En moins de cinq ans, les Canadiens ont rattrapé un retard creusé pendant une quinzaine d'années avec les Américains en ce qui concerne le revenu disponible réel (RDR) par personne.

Et au sortir de la présente récession, tout indique que le rattrapage canadien se transformera en avantage net, car le retour à la croissance reposera surtout sur les produits de base et les denrées dont le Canada est grand producteur et exportateur.La toute récente étude menée par Benjamin Tal, économiste chez CIBC, montre que le RDR - soit le revenu après impôt - a grimpé de 1300$US, aux États-Unis depuis 2005, alors qu'il a bondi du double au Canada, exprimé en monnaie locale.

«Si on mesure les deux progressions en dollars canadiens, on constate que le RDR au Canada par rapport à celui des États-Unis est revenu à la proportion du début des années 90.»

À l'époque, le RDR des Canadiens correspondait à un peu plus de 80% de celui des États-Unis. Au début de la décennie, il ne correspondait plus qu'à 56% car le dollar canadien n'a pas arrêté de se déprécier durant toute la période.

Depuis cinq ans, les Américains doivent surtout l'amélioration de leur RDR à un fardeau fiscal moins lourd, une embellie qui ne saurait perdurer avec les déficits budgétaires actuels de l'administration Obama.

M. Tal fait ressortir que le gain canadien est plutôt attribuable à des augmentations de salaire plus substantielles, à une plus forte création d'emplois et à une meilleure distribution sectorielle des nouveaux emplois.

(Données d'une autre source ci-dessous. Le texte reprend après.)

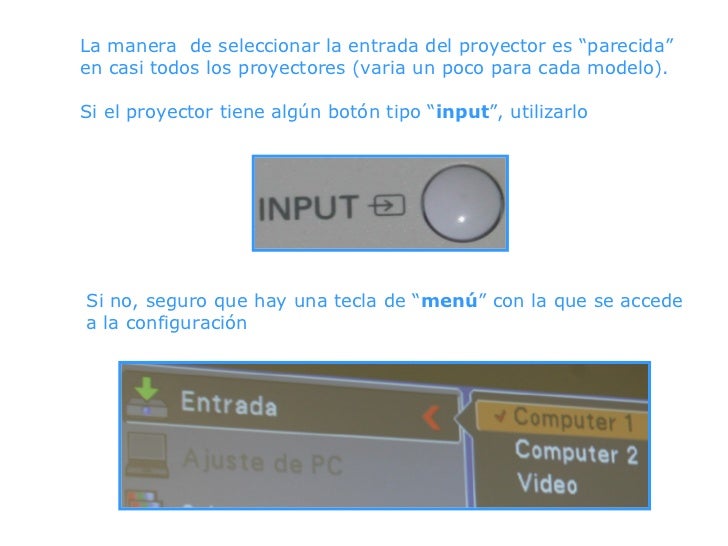 - 8. NO FORZAR las conexiones: Los conectores tienen un lado más “largo” que el otro , y hay que fijarse en eso para hacer las conexiones SIN FORZAR para que no se doblen los pin_es (y el cable quede inutilizado) La manera de seleccionar la entrada del proyector es “parecida” en casi todos los proyectores (varia un poco para cada modelo). Si el proyector tiene algún botón tipo “ input ”, utilizarlo Si no, seguro que hay una tecla de “ menú ” con la que se accede a la configuración

Aux États-Unis, le nombre d'emplois bien rémunérés a diminué de 4%, alors qu'il a grimpé de 4,5% au Canada. Bref, la croissance de l'emploi était moins concentrée dans les macjobs de ce côté-ci de la frontière.

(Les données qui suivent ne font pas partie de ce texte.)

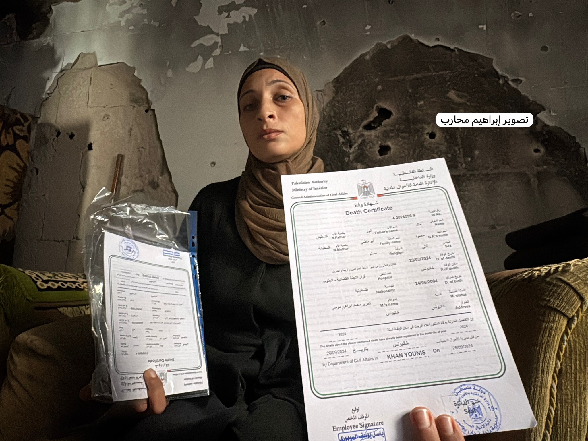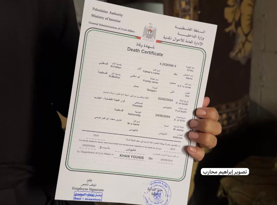 بعد أيام، أُصدرت شهادة وفاة رسمية باسم ملك أبو ماضي، دون تمكين العائلة من رؤية الجثمان أو التحقق من ظروف استشهادها. هكذا دخلت الأسرة في حداد قاسٍ، محمّل بالأسئلة والوجع، دون إجابات.

M. Tal reconnaît enfin que la présente récession a fait reculer de 2% le RDR au Canada, mais cela ne saurait faire oublier l'élan des dernières années stimulé par le boom du prix des ressources en voie de terminer sa correction. «Cela suggère que dans l'après-récession, les Canadiens vont continuer de toucher des chèques de paye plus gros que leurs voisins du Sud.»

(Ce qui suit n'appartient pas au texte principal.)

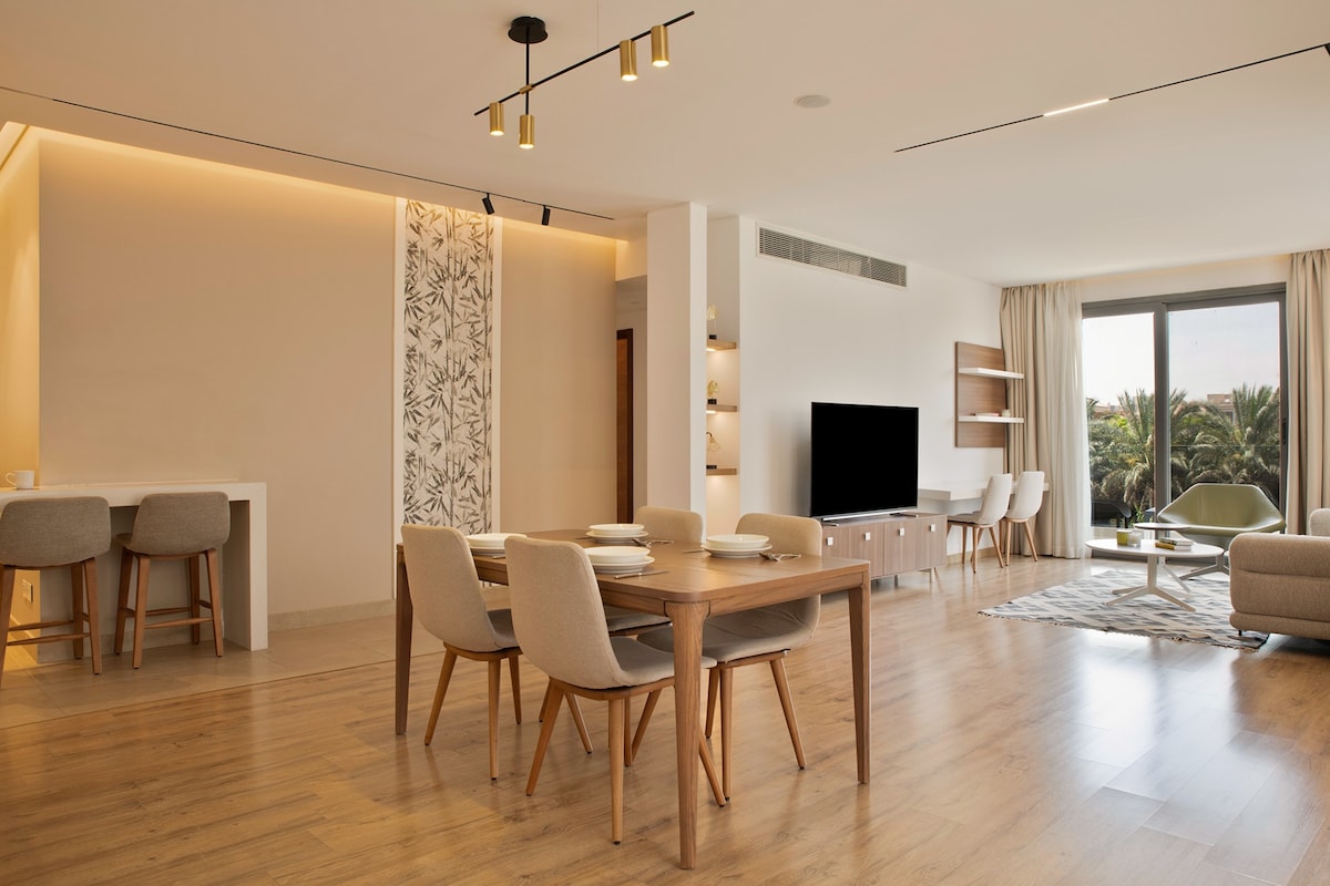 Welcome to Sahara a serene 2-bedroom, 2-bathroom apartment inspired by the desert and the natural beauty of Africa. An ivory and burgundy color palette, paired with natural wood furniture and a wide sunlit window, creates a space of calm and stillness. Relax on the cozy window bench, escape into a good read in the book nook, or simply unwind in this warm and welcoming home. Sahara is the perfect blend of comfort, tranquility, and natural charm.

Cela paraît d'autant plus vrai que l'augmentation de la population mondiale de 70 millions de personnes par année stimulera la production céréalière et l'utilisation massive d'engrais, selon un récent rapport d'Angelo Katsoras, et de Pierre Fournier, associé principal et analyste géopolitique à la Financière Banque Nationale. Or, le Canada est troisième exportateur de céréales mondial derrière les États-Unis et l'Europe des 27. Qui plus est, il dispose de 6% des réserves d'eau potable, alors que sa population ne représente que 0,5% de l'humanité. «Attendons-nous à un transfert de la production agricole dans les pays qui détiennent des surplus d'eau», prédisent les auteurs. Cela est d'autant plus probable que le Canada est aussi un très grand producteur de potasse, l'engrais le plus recherché.

L'analyste Don Coxe de Chicago, rattaché à BMO Marchés des capitaux, croit que la croissance du prochain cycle sera dominée par le Brésil, la Chine et l'Inde, ce qui avantage des producteurs de ressources comme l'Australie et le Canada. «Leurs économies et leurs marchés boursiers sont les gagnants patents de la croissance soutenue de la demande de produits de base tributaire de la forte expansion des trois grandes puissances émergentes», prétend-il dans la dernière livraison de sa circulaire Basic Points.

C'est sans doute vrai, mais la reprise n'est pas encore là, prévient l'équipe d'économistes de Desjardins. Nous traversons plutôt les derniers moments de la récession. «Au Canada, plusieurs signaux pointent vers une reprise, notent-ils dans le dernier numéro du Point de vue économique. Ceux-ci ne garantissent pas quand elle aura lieu: peut-être dans trois mois, peut-être dans neuf mois.»